-- Supplied material follows --

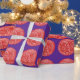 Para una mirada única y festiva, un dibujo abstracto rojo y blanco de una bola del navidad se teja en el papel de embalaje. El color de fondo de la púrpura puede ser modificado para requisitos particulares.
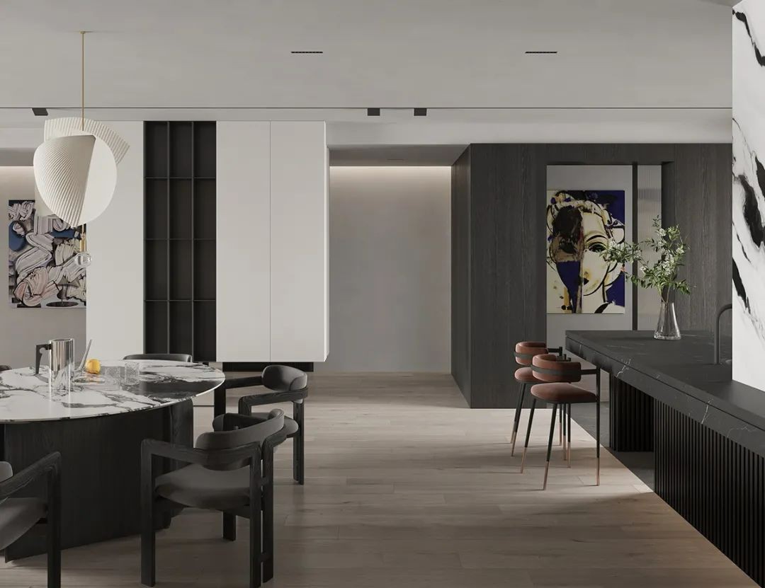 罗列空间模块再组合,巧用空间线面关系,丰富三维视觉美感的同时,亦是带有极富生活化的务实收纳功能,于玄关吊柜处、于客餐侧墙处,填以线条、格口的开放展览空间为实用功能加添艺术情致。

-- Supplied material concluded --
-- Supplied material follows --

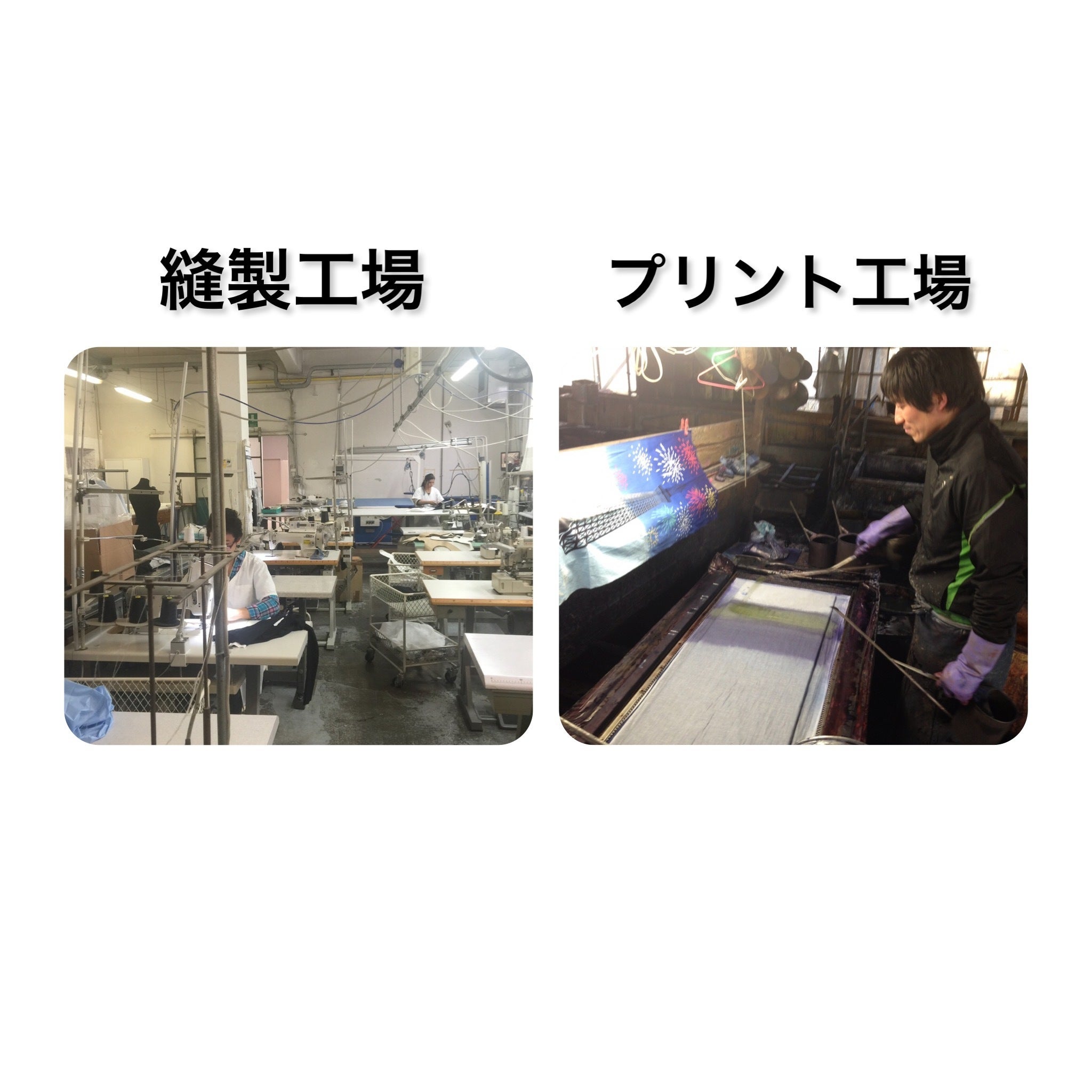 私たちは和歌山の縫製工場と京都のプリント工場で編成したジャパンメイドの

-- Supplied material concluded --

## What you need to do
Repeat, without pictures, exactly the lines of the data above from the one containing "Para una mirada" through the one containing "罗列空间模块再组合,巧用空间", including both and adding nothing.

## Finished exercise
 Para una mirada única y festiva, un dibujo abstracto rojo y blanco de una bola del navidad se teja en el papel de embalaje. El color de fondo de la púrpura puede ser modificado para requisitos particulares.
 罗列空间模块再组合,巧用空间线面关系,丰富三维视觉美感的同时,亦是带有极富生活化的务实收纳功能,于玄关吊柜处、于客餐侧墙处,填以线条、格口的开放展览空间为实用功能加添艺术情致。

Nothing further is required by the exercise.